Проклятые имплантаты послали в позвоночник Пожирателя заряд колющей боли. Кхарн почувствовал, что один глаз задергался, а левую руку свело судорогой. Гвозди Мясника грозили захватить контроль. Он отвел оружие и отступил, держа топор поднятым, – только потратил мгновение, чтобы сплюнуть кислотную слюну, собравшуюся под языком. Цепи загремели о доспех, когда он принял боевую стойку.
Цепи были его личной традицией, но распространились и по другим легионам после того, как их популярность вышла за пределы арен, где сражались Пожиратели Миров. Сигизмунд, первый капитан Имперских Кулаков, последовал традиции с обычной для него истовостью, закрепив свое рыцарское оружие на запястьях толстыми черными цепями. Он стяжал немалую славу здесь, на аренах «Завоевателя», когда сражался с лучшими воинами Двенадцатого легиона в конце Великого крестового похода. Его называли Черным рыцарем, чествуя его доблесть, благородство и личные награды.
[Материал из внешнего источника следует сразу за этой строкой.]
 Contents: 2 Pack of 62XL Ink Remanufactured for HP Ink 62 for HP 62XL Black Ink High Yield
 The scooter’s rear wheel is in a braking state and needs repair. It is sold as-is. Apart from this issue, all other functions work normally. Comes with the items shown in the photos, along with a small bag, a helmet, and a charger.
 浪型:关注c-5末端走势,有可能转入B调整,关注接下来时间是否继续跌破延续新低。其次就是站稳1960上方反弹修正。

«Расчленитель» также был воином, прославившим себя на аренах Пожирателей Миров. Амит, капитан Кровавых Ангелов, дрался так же свирепо и жестоко, как и хозяева арены. До Исствана Кхарн считал их обоих, Аргела и Амита, своими клятвенными братьями. Когда придет время осаждать Терру и рушить стены дворца, он будет сожалеть об убийстве этих двух воинов больше всего.
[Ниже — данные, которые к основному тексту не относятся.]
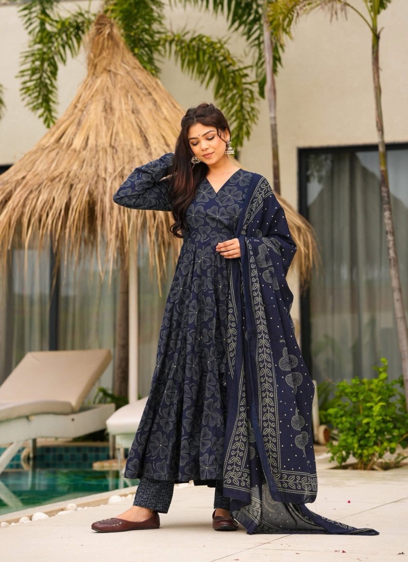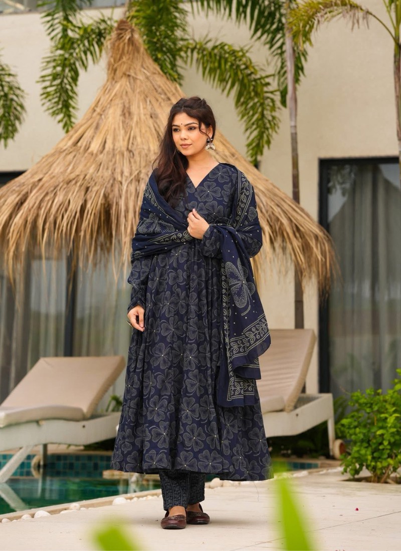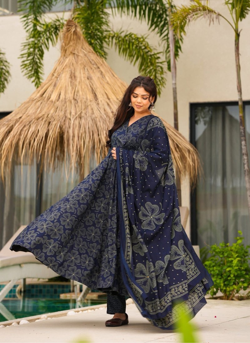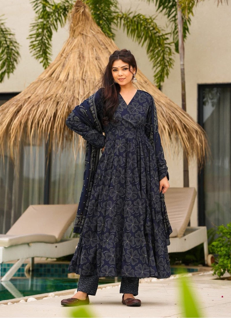 🌸 Elegant Printed Anarkali 3 Piece Set 🌸

– Соберись! – зарычал Аргел Тал. – Ты отвлекаешься, и твое мастерство гаснет вместе с вниманием.
Кхарн высвободился, повернув лезвие топора, и атаковал серией яростных ревущих взмахов. Аргел Тал скользнул назад, предпочтя уклониться и не рисковать, что пропустит удар. Последнюю атаку он поймал лезвием меча и вновь вынудил Кхарна остановиться. Воины недвижно встали, давя друг на друга с равной силой.
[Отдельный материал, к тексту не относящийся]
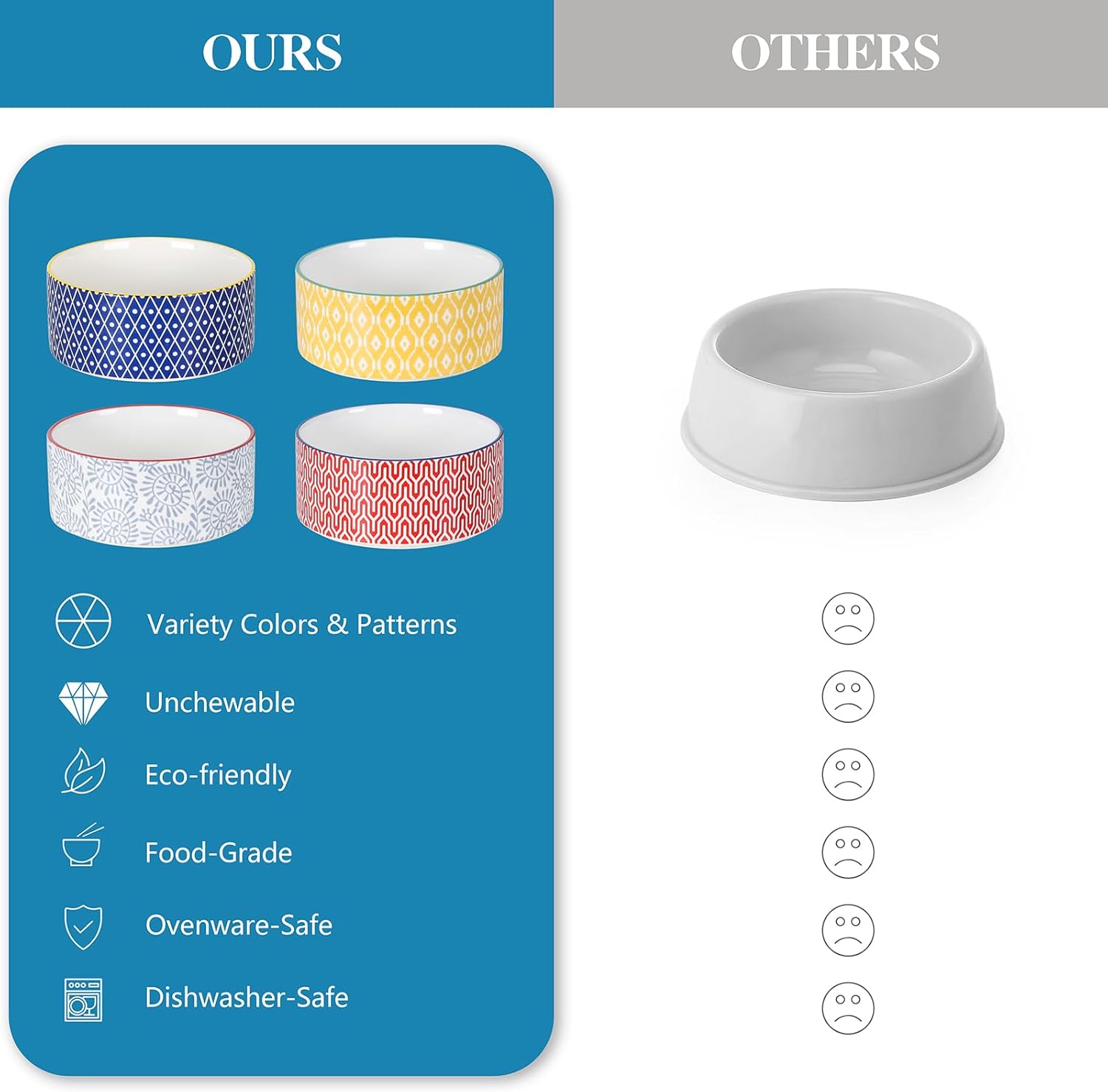 - HEALTHY STURDY CERAMIC MATERIAL - Our dog food dishes are made of premium ceramic material, which has no harmful lead & cadmium, odorless, sturdy, and healthy for your furry friends. And the ceramic pet bowl helps your dog away from chin disease. Its smooth glaze finish makes it wash by hand or dishwasher easily. You can also heat the food in the microwave for your pets at any time.

– Грядущая Война, – сказал Кхарн. – Тебе не кажется, что она неблагородна? Бесчестна?
– Бесчестна? – весело прохрипел Аргел Тал двойным голосом. – Мне нет дела до чести, кузен, меня волнуют лишь правда и победа.
Кхарн сделал вдох, чтобы ответить, но в этот момент вокс в зале с треском ожил.
– Капитан Кхарн? Капитан Аргел Тал?
Оба воина замерли. Неподвижность Аргела Тала была порождена нечеловеческой способностью контролировать свое тело; Кхарн не шевелился, но не был абсолютно спокоен. Остывающие Гвозди Мясника в затылке заставляли его подрагивать.
– В чем дело, Лотара? – спросил он.
– Мы получаем сообщение от флота. Лорд Аврелиан шлет со всех своих кораблей массовые сигналы, фокусируемые «Лексом». Армада Кора Фаэрона только что атаковала Калт. – Она остановилась, чтобы перевести дыхание. – Война в Ультрамаре началась.
Кхарн деактивировал топор и теперь лишь молча стоял. Аргел Тал засмеялся, и в его двойном голосе зазвучало угрожающее львиное мурлыканье.
– Время пришло, кузен.
Кхарн улыбнулся, но в выражении его лица не было никакого веселья. Гвозди Мясника еще гудели в глубине мозга, испуская волны боли и иррациональной злобы.
– Теперь, когда Калт в огне, Теневой крестовый поход начинается!
ДЖОН ФРЕНЧ
МАГИСТР ВОЙНЫ
Магистр войны…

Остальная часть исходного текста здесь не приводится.